There's another approach that's intermediate between
"N reports on 1 thread" and "1 report on each of N threads,"
and that's "N reports on M threads." Typically, your program
would do something like this:
Create a Queue or similar data structure
Create and start M threads. Each thread checks
the queue, finds it empty, and calls wait() to
await developments.
When you want to create a report, add a "job ticket"
with the necessary information to the Queue and call
notify() to alert one of the M threads that there's
work to do.
A thread awakens, checks the Queue and finds it
non-empty, removes a "job ticket," and goes to work
generating the appropriate report. When it's done,
it cycles back to check the Queue and see if there's
more work.
The nice thing about this structure is that it lets you
adjust M to make best use of your system, independently of N.
On a small system you might use M=1; on a large system you
might choose M=10. Choose any (positive) value for M and
just start putting job tickets on the Queue; the worker(s)
will eventually get the work done.
As for the larger question of whether to do this work on
independent threads or just call your method in-line, there
are trade-offs:
- Writing a threaded program is more difficult. It's a
good deal easier in Java than in many other languages,
but it must be admitted that a threaded structure is
more involved and offers more chances to make errors.

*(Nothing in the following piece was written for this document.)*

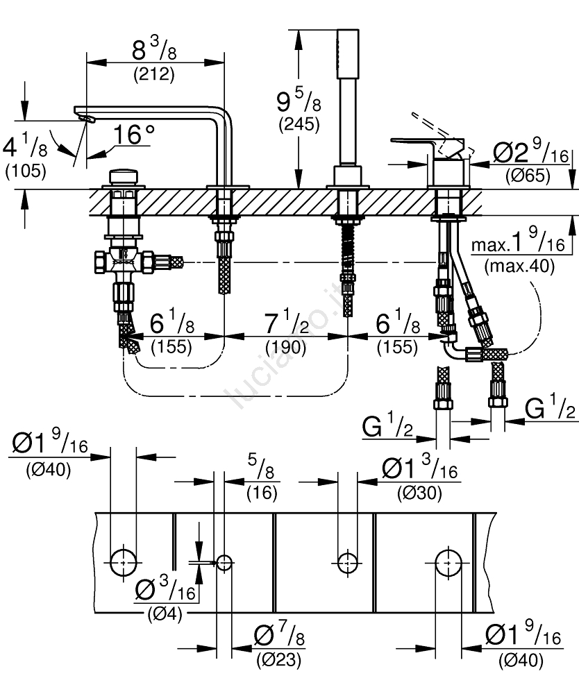 GROHE 19577001 - Set miscelatore vasca a quattro fori LINEARE, cromo lucido

That whole Queue business would be unnecessary if you
did things in-line; you can go wrong by forgetting to
synchronize access to it, or by misusing wait() and
notify(), and so on.
+ Using threads can reduce latency. If somebody clicks
a button and your event handler generates the report
in-line, the GUI is essentially frozen for as long as
the report generation takes. If instead you delegate
the job to a separate thread, you can go back to keeping
the GUI "alive" right away.
+ Using threads can increase throughput. If several
reports are being generated simultaneously by different
threads, the time that thread T1 spends waiting for I/O
need not be idle time because thread T2 can put it to
use to do some computing. Even if all of T1, T2, ...
T_M are I/O-bound, they can at least give the file system
M things to work on at a time instead of just one; this
usually enables the file system to increase its own level
of parallelism. Result: More total work per unit time.
You'll need to make your own decision about what's important
to your situation.
--
Eric.Sosman@sun.com